Par déclaration du 08 août 2023, la S.A.S. Lab'Science Aquitaine et la S.A.S. Saita Entreprise ont interjeté appel du jugement.
Par exploit de commissaire de justice en date du 14 août 2023, la S.A.S. Lab'Science Aquitaine a fait assigner M. [W] [D] et Mme [I] [F] épouse [D] (les époux [D]) devant la juridiction du premier président de la cour d'appel de Bordeaux, statuant en référé, aux fins de voir arrêter l'exécution provisoire du jugement rendu le 20 juillet 2023 par le Tribunal de commerce de Bordeaux et de les voir condamnés à lui payer la somme de 3.000 euros au titre de l'article 700 du Code de procédure civile, outre les entiers dépens.
Par conclusions du 29 septembre 2023, soutenues à l'audience, elle maintient ses demandes.

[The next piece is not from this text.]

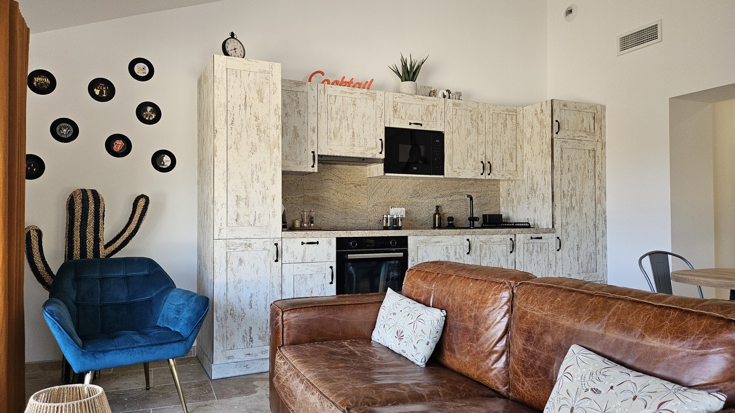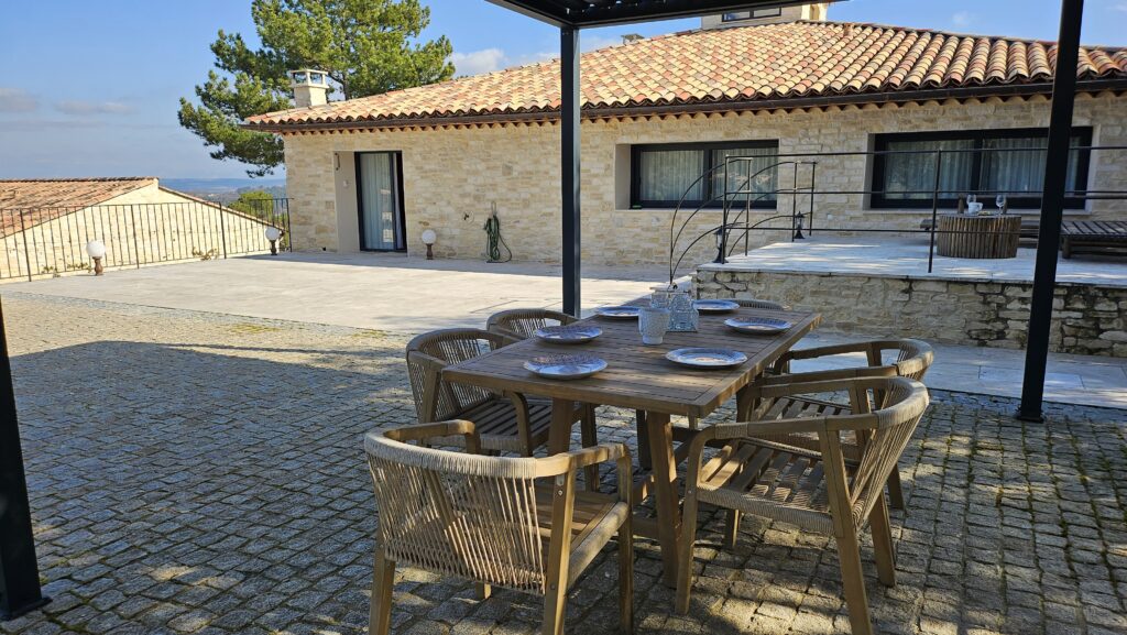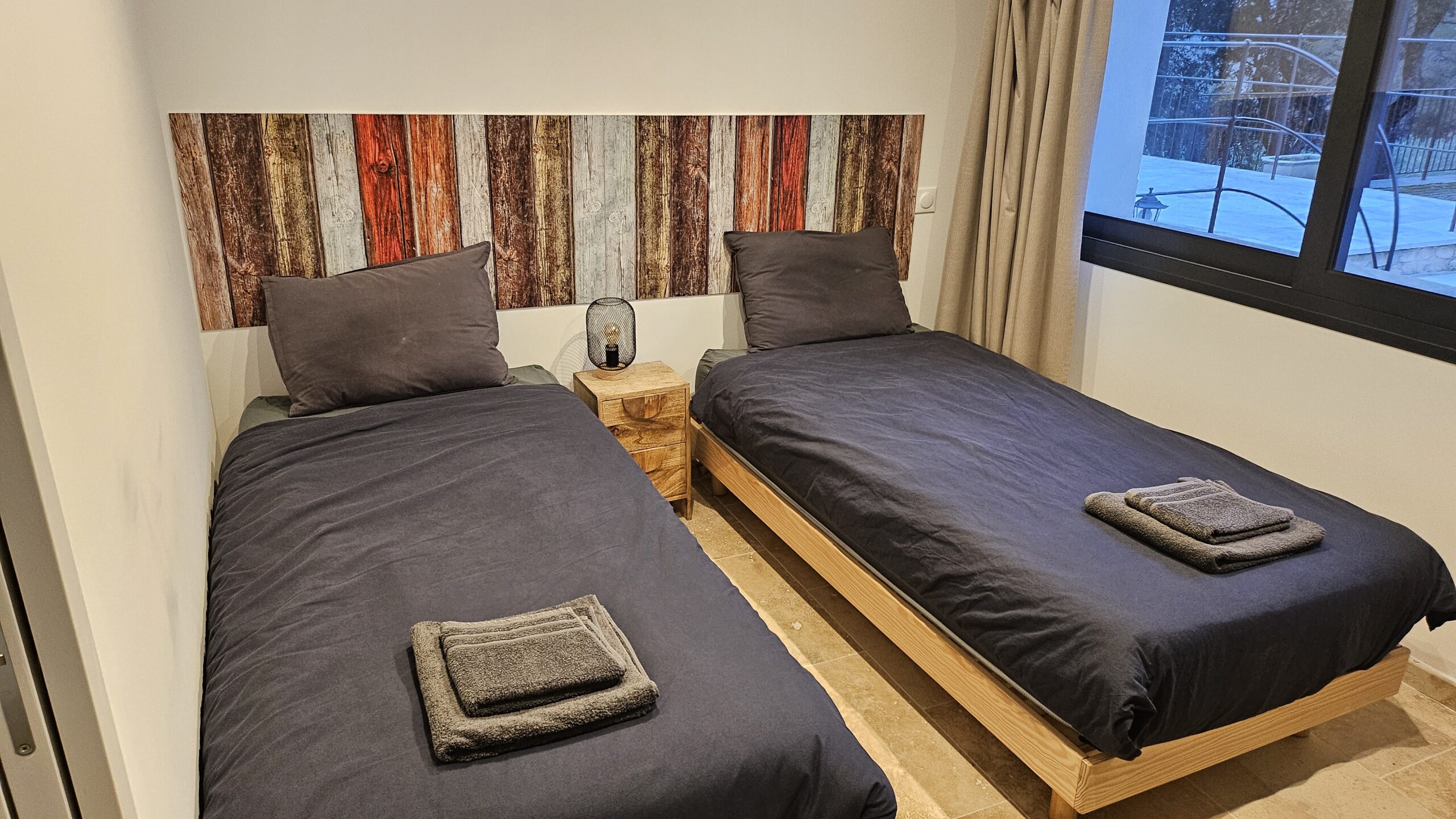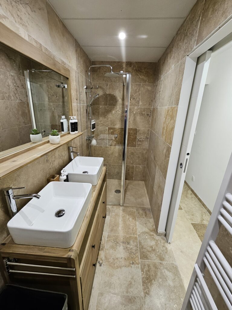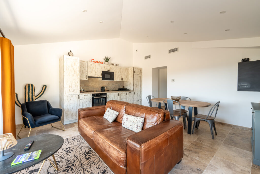 Ce gite est composé d’un salon – Cuisine – Espace repas puis de 2 chambres dont une avec sa salle de bain et son toilette séparé et d’une 2ème salle de bain face à la 2ème chambre. D’un espace extérieur privatif non clôturé de 200m2 avec une salon et un coin repas sous une tonnelle bioclimatique éclairée.

Elle soutient qu'il existe des moyens sérieux de réformation en ce que le premier juge n'a pas restitué aux faits de dissimulation des contentieux existants leur exacte qualification juridique de dol, qu'en outre l'erreur tirée du dol n'a pas à être excusable, que les audits ont été réalisés sur la foi des comptes certifiés par le commissaire aux comptes de la S.A.S. Saita Entreprise, qu'en conséquent elle ignorait légitimement l'existence d'impayés au moment de l'achat, contrairement aux cédants.
Elle explique par ailleurs que les cédants, en leur qualité de professionnels, avaient nécessairement connaissance du risque important de se voir imputer des pénalités de retard par la société NACARAT stipulées dans le CCAP du marché, lequel a d'ailleurs été réceptionné près d'un an après la date initialement prévue, et qu'ils ont été mis en demeure de s'exécuter à trois reprises par la société FGA.
Ils estiment enfin que des décisions de gestion discutables ont été prises pour simuler une prétendue pérennité de la situation financière de la S.A.S. Saita Entreprise, ce dont il résulte des man'uvres dolosives qui auraient dû être prises en considération par le premier juge et que le premier juge a relevé à tort que la mise en 'uvre de la garantie de passif tend à démontrer qu'il n'y avait eu aucune réticence dolosive, alors même qu'une telle activation ne saurait exclure toute intention de dissimulation de la part des cédants.
De plus, elle fait valoir que l'exécution de la décision entraînerait des conséquences manifestement excessives dès lors que la situation de la S.A.S. Saita Entreprise a été obérée par un ensemble de litiges nés antérieurement à la cession et dont certains ont donné lieu à sa condamnation dans le mois qui ont suivi son acquisition, de sorte qu'elle a été contrainte d'injecter des fonds sous la forme d'avances en compte courant afin de maintenir une trésorerie suffisante, que sa pérennité reste précaire et que rien ne démontre que les époux [D] soient en capacité de restituer les sommes versées. Elle précise que ses facultés de paiement se sont irrémédiablement dégradées depuis le jugement du fait du caractère définitif d'une condamnation prononcée contre elle sans garantie de l'assureur.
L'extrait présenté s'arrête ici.